Dean Millner stared at her some more. “Anything else, Special Agent Chase?”
“Yes. I want to know why he was in this room using a personal laptop to work. Doesn’t that break protocol? If he was working on sensitive research. He was allowed to take it out of the research building?”
The dean grimaced. “Well, Ben was rather particular about his surroundings. We had to bend the rules for him a touch.”
“What you didn’t tell the police,” Chase said. “Was that Claybourne was connected to something of incredible value—perhaps even more value than his own life.”
Millner’s eyes opened like a flood gate. But he kept clammed. He knew the trouble he was in.
“Dean Millner, there’s a glaring factor about this crime scene that says one thing and one thing only: The murder wasn’t the real crime. We’re looking at potentially high security information being snatched right out of here. Well—at least that gives us motive.”
The dean brightened a little. “Does that mean you can find who did this?”
“There’s no guarantee of anything at this stage.” Chase said. But she’d woken up now. The animation of each possibility playing in her periphery, like floaters after staring into a bright bulb.
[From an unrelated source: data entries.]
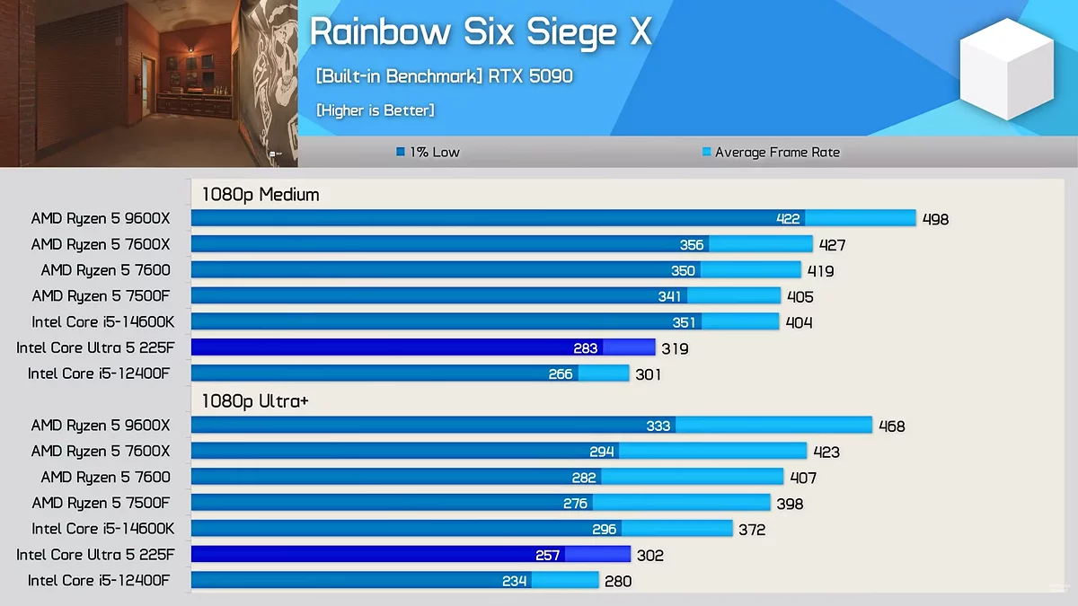 В отдельных проектах картина выглядит ещё менее выигрышно. В Rainbow Six Siege новый процессор быстрее старого 12400F всего на 6–8%, тогда как Ryzen 5 7500F опережает его уже на 27–32%. В Cyberpunk 2077 отрыв от предшественника составляет 7–8%, а в Baldur's Gate 3 225F и вовсе показывает результат немного хуже, чем i5-12400F.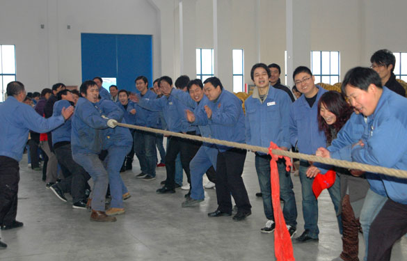 1月29日,為迎接兔年的到來,豐富員工的業余文化生活,提高員工之間的團隊合作精神,江蘇上上電纜集團在北廠區舉行了2011年迎新年趣味競賽,共有200余名員工參加了此次比賽。 經過激烈的爭奪,最終低壓分廠摘得本次綁腿跑比賽與拔河比賽的冠軍;中壓分廠獲得了跳繩比賽與車輪滾滾比賽的冠軍。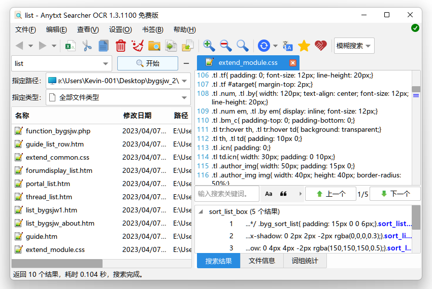 免费下载地址:高速下载 AnyTXT Searcher是款效率高的全文搜索工具,在最短的时间内搜索整台电脑所有硬盘里的文件,以最快的速度找到你需要的,通过文本内容来查找出文档的位置,支持搜索各种 TXT 文本、Office、PDF 文档、电子书以及各种程序源代码的内容。 AnyTXT Searcher功能基于文本的搜索引擎,可以立即显示包含您键入的文本的所有文件,无论格式如何 支持模糊搜索与全字匹配两种模式,您可以根据需要选择 您可以自定义选择要检索的磁盘驱动器 用户可以设置搜索的文件类型,支持PDF、Doc、PPT、Xls、Docx、TXT等多种格式 文件索引管理器,可以帮助用户检索文件 AnyTXT Searcher特色简单,几乎一体的界面 用户界面是一个巨大的预览面板,其中包含用于完成图片的几个选项。当然,没有“预览”选项卡上方的搜索字段,就不会有应用程序,您可以在其中输入项目。 关于工具栏,工具栏上没有太多工具,没有几个热键操作和索引管理器,可以显示在搜索结果中找到多少个相同格式的文件。 写下您的文字,然后按Enter / Go 要开始搜索,请至少写下您要查找的文件的一部分。该文件必须包含您所使用的确切单词,以便在“预览”选项卡中列出。您可以通过点击键盘上的Enter或单击“开始”按钮来开始一个过程。 支持的格式 AnyTXT Searcher可以为您的文件挖掘几种格式。例如,列表可以包含纯文本格式(TXT,CPP,HTML),Microsoft Office格式(DOC,XLS,PPT等)可移植文档格式(PDF)等。 具体搜索 如果您有多个驱动器,则可以选择要搜索的驱动器,也可以全部覆盖。要指定您的驱动器,请单击搜索字段旁边的组合菜单。文件格式也一样,选择一种或多种,然后根据您的选择执行搜索。 总而言之 AnyTXT Searcher是一个精巧的工具,可以作为本地Google使用,它可以通过简单的文本搜索来检测并列出所有文件。无论您的技术水平如何,其直观,直接的过程都不会引起操作问题。 免费下载地址:高速下载 |

Millner leaned forward, his round, innocent eyes glowing with wonder. If he was playacting, he was damn good.
“There’s one more thing I can tell about this scene,” Chase said.
“Yes?”
“The PD didn’t bag and tag the place. Everything aside from the body itself has been left in its exact place. The markers only go up to four. Meaning the body and maybe some effects. There’s only one reason for a homicide team to do that—if they were given explicit instruction. The scene was preserved.”
“Incredible,” Millner said. “You’re completely right, Agent Chase.”
“So, what I want to know is, who told them to preserve it?”
The crack of the door yanked Chase out of her focused haze and threw her back into grungy reality. “That’s some impressive deduction,” a non-specific male voice came from the doorway.
The owner of the voice was of medium height, medium build, perhaps a little on the skinny side. He had generic short blonde hair and a somewhat snub nose on a plain, pale but not too pale face, with medium-sized eyes under generic glasses and medium bone structure. Chase guessed that all of his clothes came strictly in M. This man was so average you could lose sight of him if he was standing right in front of you. He was the most nondescript man she’d ever seen: He seemed to barely exist at all.
“You did me a favor by not spoiling the scene,” Chase said to the man. “Now perhaps you can do me another.”
“Of course,” the plain man said, the bare curve of a smile playing on his regular-sized lips.
“You could tell me which agency you work for.”